##### Data section #####
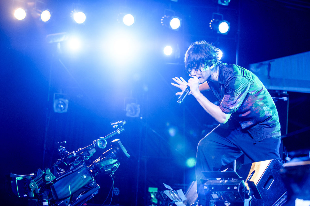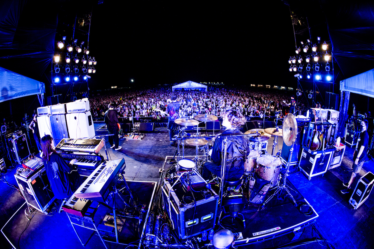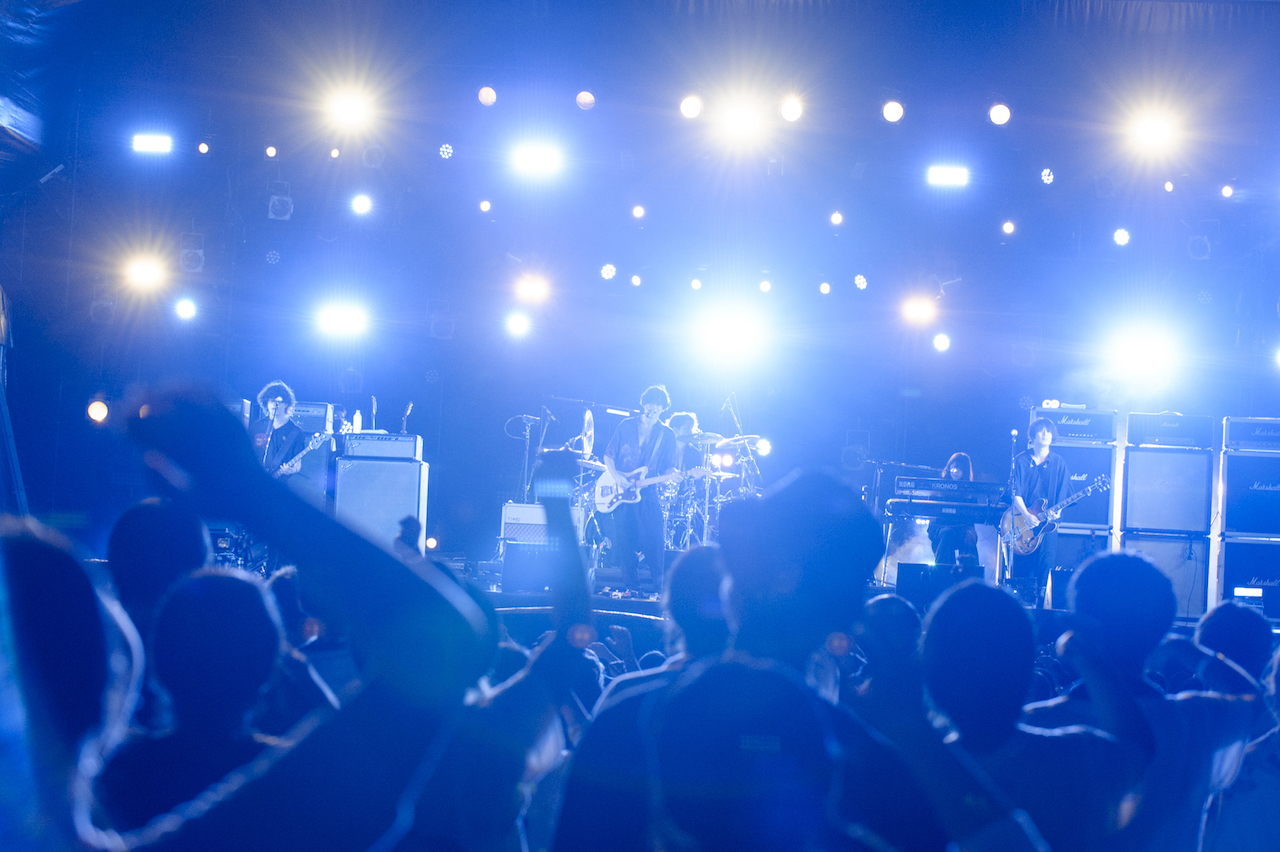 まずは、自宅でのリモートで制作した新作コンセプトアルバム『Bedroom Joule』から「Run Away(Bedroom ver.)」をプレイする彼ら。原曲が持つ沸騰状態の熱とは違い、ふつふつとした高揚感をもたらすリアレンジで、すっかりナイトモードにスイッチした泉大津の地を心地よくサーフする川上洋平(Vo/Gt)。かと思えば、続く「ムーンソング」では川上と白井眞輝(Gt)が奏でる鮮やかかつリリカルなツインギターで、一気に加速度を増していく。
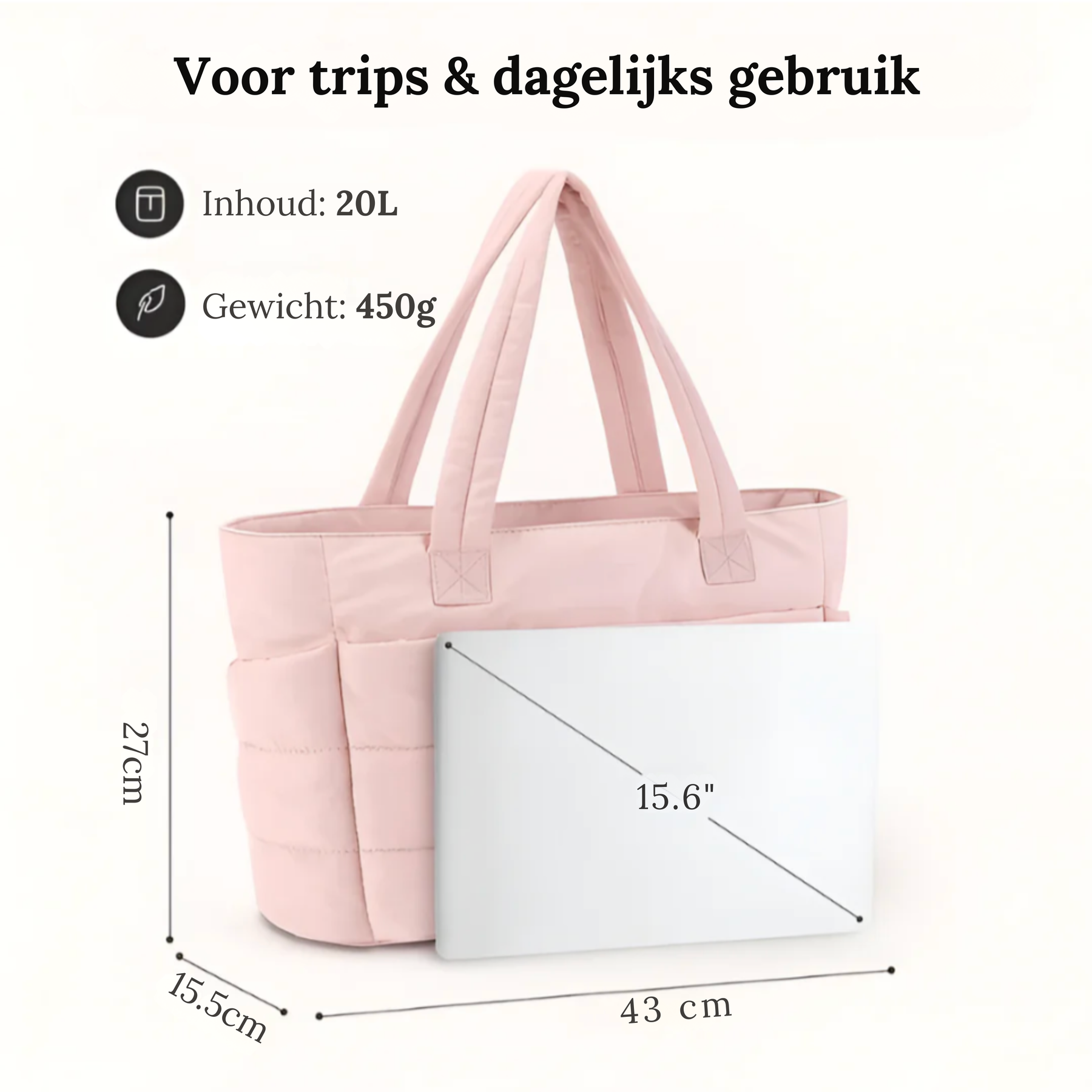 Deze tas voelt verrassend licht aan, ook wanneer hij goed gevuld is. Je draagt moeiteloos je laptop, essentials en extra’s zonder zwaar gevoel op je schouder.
#####
##### Data section #####
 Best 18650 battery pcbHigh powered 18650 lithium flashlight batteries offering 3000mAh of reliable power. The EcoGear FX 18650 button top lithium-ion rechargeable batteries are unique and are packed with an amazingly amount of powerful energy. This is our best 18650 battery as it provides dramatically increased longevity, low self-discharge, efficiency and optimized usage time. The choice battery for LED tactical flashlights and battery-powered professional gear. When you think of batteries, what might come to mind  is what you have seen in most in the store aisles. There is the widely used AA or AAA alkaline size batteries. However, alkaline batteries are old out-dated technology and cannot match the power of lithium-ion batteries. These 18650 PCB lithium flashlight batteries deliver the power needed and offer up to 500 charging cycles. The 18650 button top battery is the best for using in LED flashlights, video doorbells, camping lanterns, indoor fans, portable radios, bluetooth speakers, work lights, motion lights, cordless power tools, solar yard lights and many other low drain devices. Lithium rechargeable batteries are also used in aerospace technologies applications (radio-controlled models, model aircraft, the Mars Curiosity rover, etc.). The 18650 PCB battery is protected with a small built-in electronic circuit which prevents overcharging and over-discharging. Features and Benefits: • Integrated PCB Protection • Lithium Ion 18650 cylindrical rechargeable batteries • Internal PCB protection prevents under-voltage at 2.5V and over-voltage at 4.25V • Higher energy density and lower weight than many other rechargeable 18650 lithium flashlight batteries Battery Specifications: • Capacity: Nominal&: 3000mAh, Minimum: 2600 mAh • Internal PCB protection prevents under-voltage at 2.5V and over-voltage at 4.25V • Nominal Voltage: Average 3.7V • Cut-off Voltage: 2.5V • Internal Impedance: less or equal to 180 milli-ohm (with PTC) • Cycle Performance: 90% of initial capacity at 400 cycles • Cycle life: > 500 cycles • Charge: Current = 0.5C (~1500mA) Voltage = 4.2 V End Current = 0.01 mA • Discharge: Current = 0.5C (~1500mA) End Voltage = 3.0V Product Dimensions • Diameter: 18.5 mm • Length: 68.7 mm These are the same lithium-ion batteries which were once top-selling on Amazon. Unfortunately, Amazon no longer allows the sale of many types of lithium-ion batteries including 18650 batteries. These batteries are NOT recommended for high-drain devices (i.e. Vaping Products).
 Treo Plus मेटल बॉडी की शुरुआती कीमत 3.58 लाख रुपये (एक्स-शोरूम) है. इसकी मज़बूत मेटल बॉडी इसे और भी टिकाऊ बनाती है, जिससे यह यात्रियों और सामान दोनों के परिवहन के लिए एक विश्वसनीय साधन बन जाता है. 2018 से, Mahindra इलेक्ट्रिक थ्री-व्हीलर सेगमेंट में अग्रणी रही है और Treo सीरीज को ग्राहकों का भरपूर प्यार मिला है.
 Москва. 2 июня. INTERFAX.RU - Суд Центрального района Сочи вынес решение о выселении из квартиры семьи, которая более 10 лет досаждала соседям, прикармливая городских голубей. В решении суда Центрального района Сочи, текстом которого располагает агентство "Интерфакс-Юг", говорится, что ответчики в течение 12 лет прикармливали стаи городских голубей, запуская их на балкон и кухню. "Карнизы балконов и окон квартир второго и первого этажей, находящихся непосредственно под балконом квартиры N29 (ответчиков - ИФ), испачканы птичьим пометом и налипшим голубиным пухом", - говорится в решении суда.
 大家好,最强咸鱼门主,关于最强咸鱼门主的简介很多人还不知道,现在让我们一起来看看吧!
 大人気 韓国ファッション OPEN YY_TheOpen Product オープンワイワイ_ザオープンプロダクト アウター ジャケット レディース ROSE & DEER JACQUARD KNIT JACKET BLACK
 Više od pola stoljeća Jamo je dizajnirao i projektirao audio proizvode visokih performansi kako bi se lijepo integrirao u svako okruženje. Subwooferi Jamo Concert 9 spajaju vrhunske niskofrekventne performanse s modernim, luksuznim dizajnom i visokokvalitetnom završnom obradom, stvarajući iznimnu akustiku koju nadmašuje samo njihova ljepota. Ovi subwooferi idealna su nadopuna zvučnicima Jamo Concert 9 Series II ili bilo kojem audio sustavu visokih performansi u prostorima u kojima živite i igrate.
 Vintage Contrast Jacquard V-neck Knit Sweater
#####
### What to produce
Please copy, exactly as written, every line in the listing above from the line with "大家好,最强咸鱼门主,关于最" up to and including the line with "大人気 韓国ファッション OPEN".

### Solution for this exercise
 大家好,最强咸鱼门主,关于最强咸鱼门主的简介很多人还不知道,现在让我们一起来看看吧!
 大人気 韓国ファッション OPEN YY_TheOpen Product オープンワイワイ_ザオープンプロダクト アウター ジャケット レディース ROSE & DEER JACQUARD KNIT JACKET BLACK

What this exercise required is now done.